Yet, it looks messy. I bet we had something involving names... Yep, they named pipes!

Connecting pipes and file descriptors

Later, you might stumble upon something like: exec 3>/tmp/reg1.fifo. This command connects file descriptor 3 to a named pipe.

I didn’t add this to confuse you—it’s practical. The idea is to open the pipe just once and keep it open until we explicitly close it later.

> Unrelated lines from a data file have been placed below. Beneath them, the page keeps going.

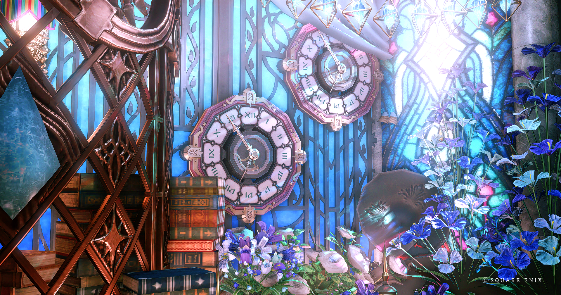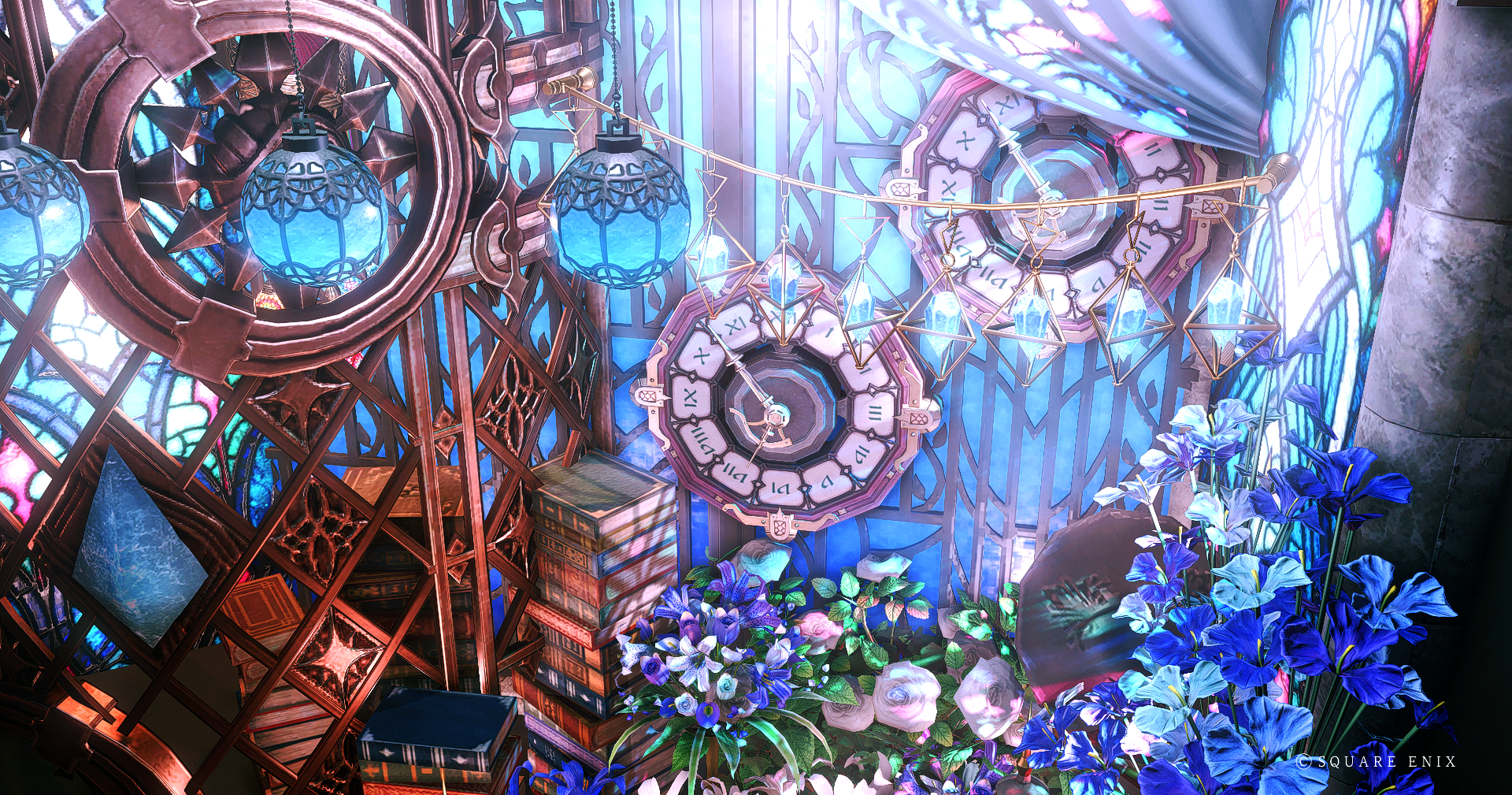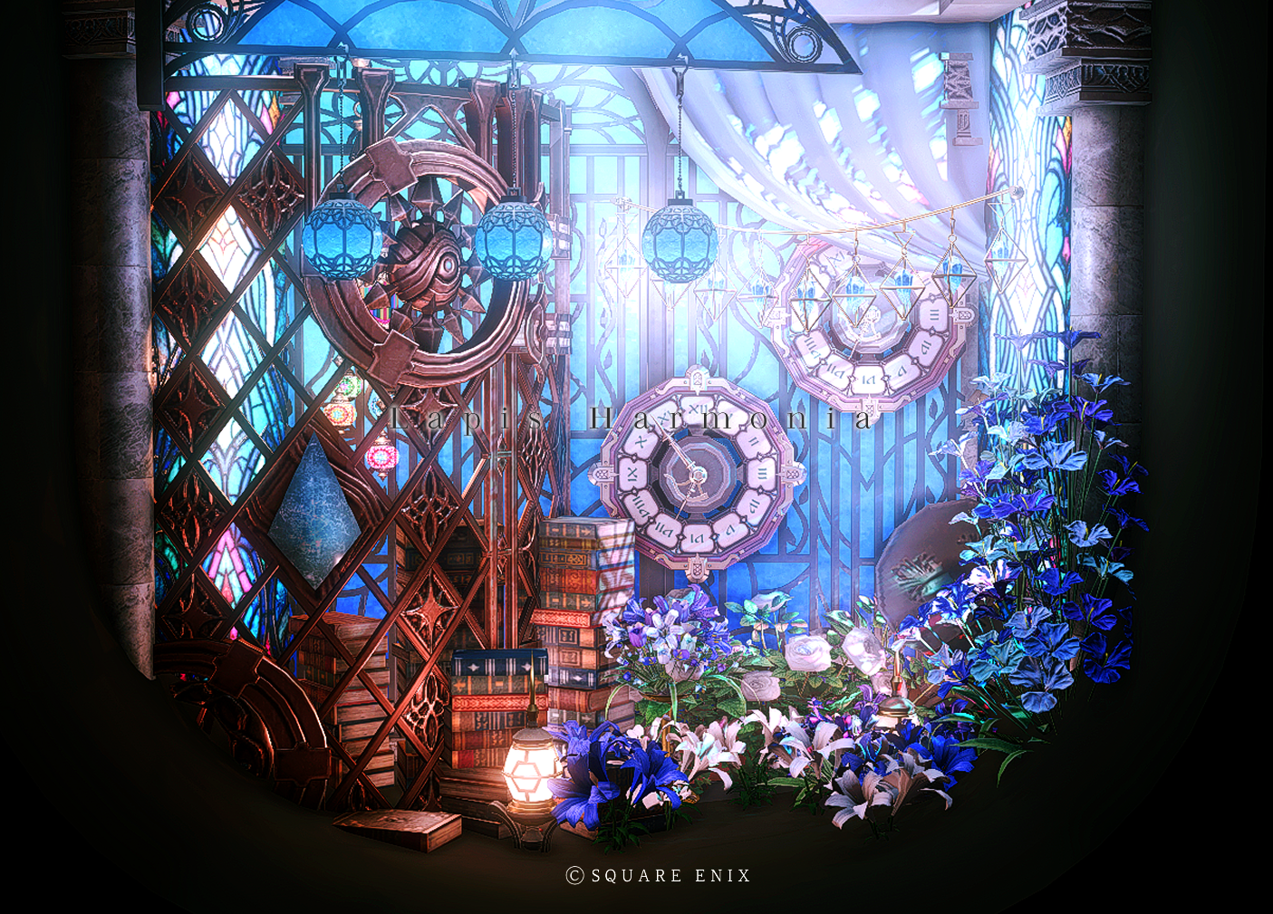 Lapis Harmonia by Ashley(||BR||)🌐Meteor / Unicorn(||BR||)📍ミスト・ヴィレッジ11区(||BR||)アパルトメント54号室(||BR||)青い窓と花が特徴の1~2人用の小さなブースです。(||BR||)朝はステンドグラスからの光が反射されおすすめです。(||BR||) (||BR||)・公開期間は未定です(||BR||)#Atelier_Mel(||BR||)https://studio-xiv.com/studio/80300/
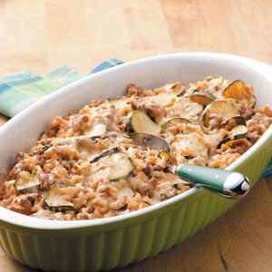 •In a large skillet, cook beef over medium heat until no longer pink; drain. Add the butter, zucchini, mushrooms and onions; cook and stir until vegetables are tender. Drain. Stir in the chili powder, salt and garlic powder. Add the rice, chilies, sour cream and half of the cheese. • Transfer to a greased 2-qt. baking dish; sprinkle with remaining cheese. Bake, uncovered, at 350° for 20-22 minutes or until cheese is melted. Yield: 4 servings.
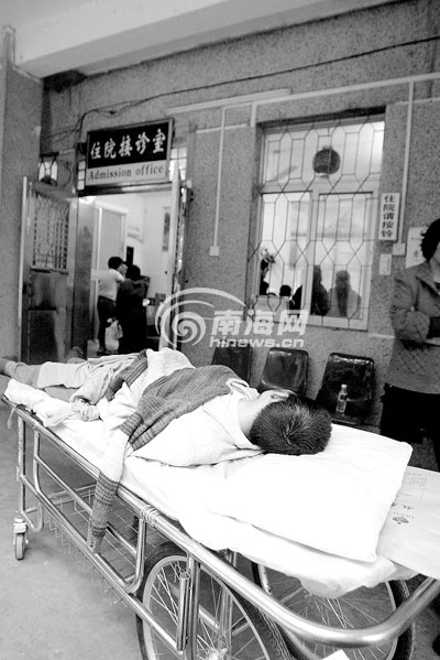 卓桂平老人告訴記者,他23歲的兒子卓尚輝,是從部隊(duì)退伍回來的,身體非常健康。后來受不良朋友影響,開始吸食毒品,今年5月19日被送進(jìn)海口秀英區(qū)公安局強(qiáng)制戒毒所戒毒。昨天他接到戒毒所電話稱兒子病了,要求家屬來戒毒所。他們馬上從萬寧趕到?冢胖纼鹤颖蝗舜虻谜静黄饋砹。“我們把癱瘓的兒子從戒毒所抬到省人民醫(yī)院后,要求戒毒所墊付醫(yī)藥費(fèi)押金,但是他們不肯,就這樣從早晨9點(diǎn)拖到現(xiàn)在,人還躺在醫(yī)院門口!弊抗鹌嚼先苏f。
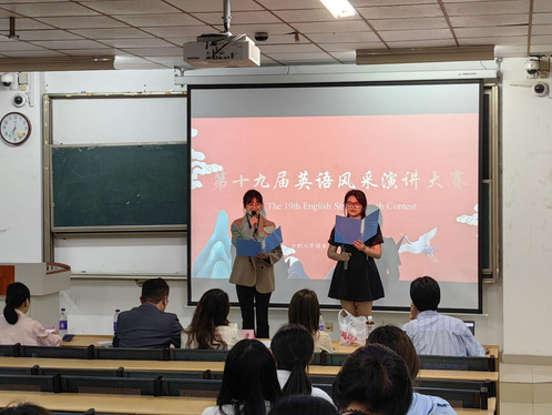 4月26日晚上6点30分由外国语学院团委主办的第十九届英语风采演讲比赛于5栋101教室举行。外国语学院英语系主任卢杨、英语系教师赵玲丽、合肥新东方国际教育中心特聘讲师耿艳亮担任评委,外国语学院团委副书记张正华及新东方江雪婷老师出席了本次比赛。
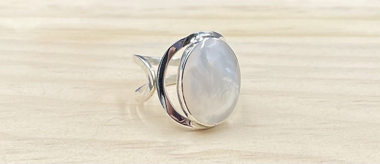 Raffinée et délicate, cette bague réglable en argent 925 est ornée d'une N acre naturelle ovale aux reflets doux et irisés.
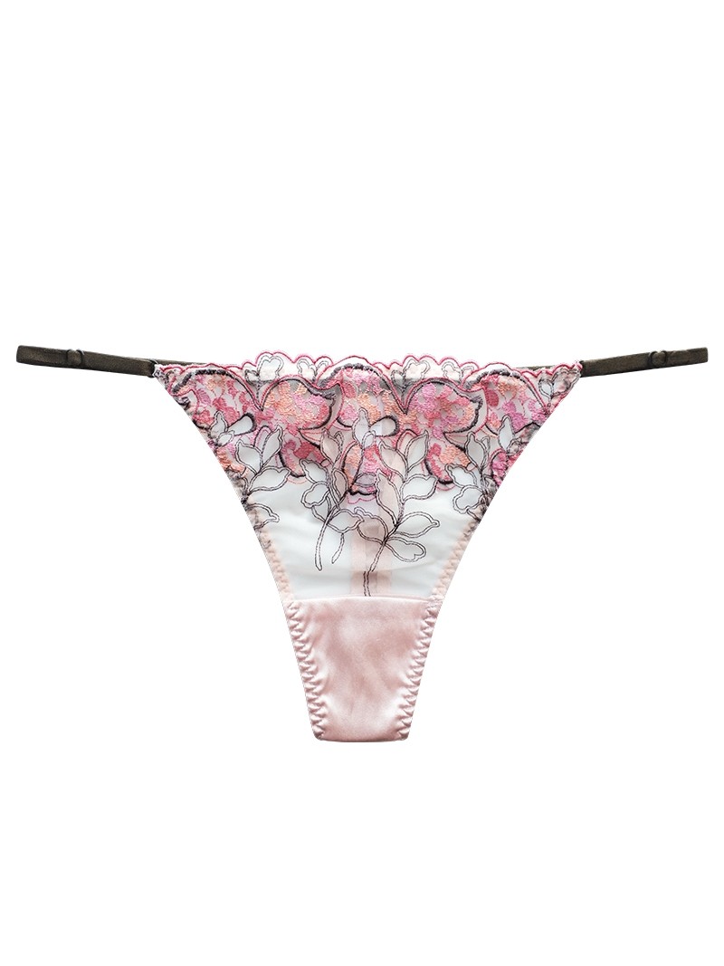 Thin Strap Sexy Thong for Women, Seamless One-Line Autumn and Winter Panties, Mulberry Silk Low-Waist Transparent Lace Underwear

# Let’s create some named pipes for our pushers
mkfifo /tmp/reg1.fifo
mkfifo /tmp/reg2.fifo

# Start the worker that builds images
(
    # Redirect file descriptors to the pipes
    exec 3>/tmp/reg1.fifo
    exec 4>/tmp/reg2.fifo

    # Build images
    for i in $LIST; do
        docker_build ${i}

        # Notify the pipes about our triumph
        echo ${i} >&3
        echo ${i} >&4
    done

    # Once all images are built, close the pipes
    exec 3>&-
    exec 4>&-
    # And clean up the mess
    rm /tmp/reg1.fifo /tmp/reg2.fifo
)& # The `&` means we're running this in the background

# Use xargs to avoid blocking the docker_build worker.
# Xargs buffers all stdin: that is how we don't block docker_build.
xargs -n1 -I{} bash -c "docker_push reg1/{}" < /tmp/reg1.fifo &
xargs -n1 -I{} bash -c "docker_push reg2/{}" < /tmp/reg2.fifo &

# Wait for all processes to complete
wait

If you think that ↑ was overengineering—close your eyes and wait for SIGTERM.

Communication to webhook

Just like there’s more than one way to skin a cat, there’s more than one way to sync processes: signals + trap, lock files, the wait command, or pipes.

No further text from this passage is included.